Whoops, correction down below...

On Mon, Jun 20, 2016 at 1:00 AM, Ben Coman <btc at openinworld.com> wrote:
> On Sun, Jun 19, 2016 at 8:41 AM, tim Rowledge <tim at rowledge.org> wrote:
>>
>> Actually, calling all git mavens - please, please, point the rest of us to some documentation that might possibly be understood by humans. Some of us have no idea at all how this works
>
> I found these Atlassian tutorials really nice (and often refer to them)...
> * https://www.atlassian.com/git/tutorials
>
> Github Help "Fork a repo"  provides a scratch repo for you to practice
> on without fear.
> * https://help.github.com/
>
> git - the simple guide (I only just bumped into this, looks good)
> * http://rogerdudler.github.io/git-guide/
>
>> and need something in style of ‘see spot download some code. See spot build it. Run it, spot, run it! Oh dear, spot - a bug. Fix the bug, spot, fix it! Now save the code. Now pour the custard in m’boots!' and so on.
>
> Okay Spot.  Here is a proposed recipe. This is for those having having
> write access to the official repository and cloned that to work in.
> I'll follow up with an adaption for forked repos tomorrow.
>
> 1. Go to https://github.com/OpenSmalltalk/vm
>
> 2.  Click the green <Clone or download> button.
>      (If you've already set up your SSH keys, click "Use SSH".)

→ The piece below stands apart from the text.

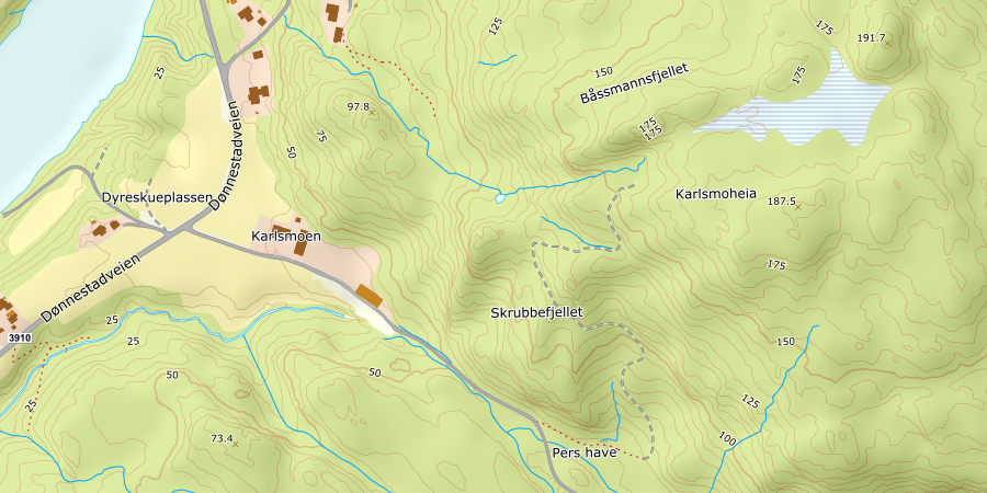 Fin tur, om enn ikke så lang. Følte meg litt usikker på om jeg begikk "trespassing" da jeg gikk inn Karlsmo-gårdens allé i turens begynnelse (se bilde stjålet fra Google). Men møtte en hyggelig beboer som forsikret meg om at jeg var velkommen. Fulgte en traktorvei et stykke oppover mot heia til denne tok slutt. Derfra gikk ferden videre utenfor sti. Fikk med meg et OK utkikkspunkt mot Kjevik flyplass før selve toppen (som i og for seg ikke var så veldig spennende). Det var noen tegn til at det har stått et landmålermerke eller noe lignende på toppen (triangulering?).

>      then copy the url to the clipboard.
>
> 3. Clone to your local machine
>     $ git clone #paste url from the clipboard here
>     $ cd vm
!>     $ git remove -v

sorry, this should have been $ git remote -v

> origin git at github.com:OpenSmalltalk/vm.git (fetch)

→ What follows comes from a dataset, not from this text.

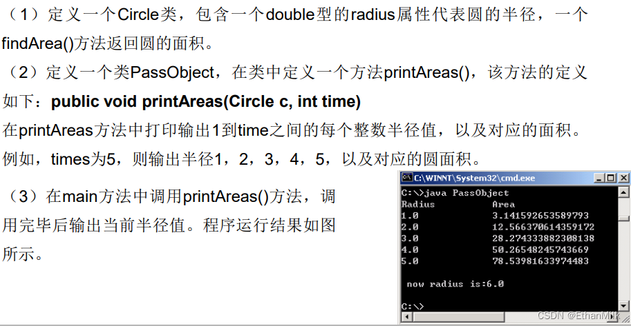 classCircle { private double radius; publicCircle(double r) { radius=r; } publicCircle compare(Circlecir){ //程序代码 /* * if(this.radius>cir.radius) return this; return cir; */ // return (this.radius>cir.radius)?this: cir; } } classTC { public static voidmain(String[]args) { Circlecir1=newCircle(1.0); Circlecir2=newCircle(2.0); Circlecir; cir=cir1.compare(cir2); if(cir1==cir) System.out.println("圆1的半径比较大"); else System.out.println("圆2的半径比较大"); } } |

> origin git at github.com:OpenSmalltalk/vm.git (push)
> or...
> origin https://github.com/OpenSmalltalk/vm.git (fetch)
> origin https://github.com/OpenSmalltalk/vm.git (push)
> ...depending on ssh or https clone respectively
>
> 4. Create a branch to work on...
>     $ git fetch    #updates all branches to latest
>     $ git checkout -b SomeBug Cog
>
> 5. Edit, compile, test cycle.  Commit often along the way.
>     * make required changes
>     $ git stage -u
>     $ git diff ; git diff HEAD
>     $ git commit -m "SomeBug - part way there"
> Repeat as necessary
>
> 6. Ready to submit.  Clean up *local* history (since we committed quite often)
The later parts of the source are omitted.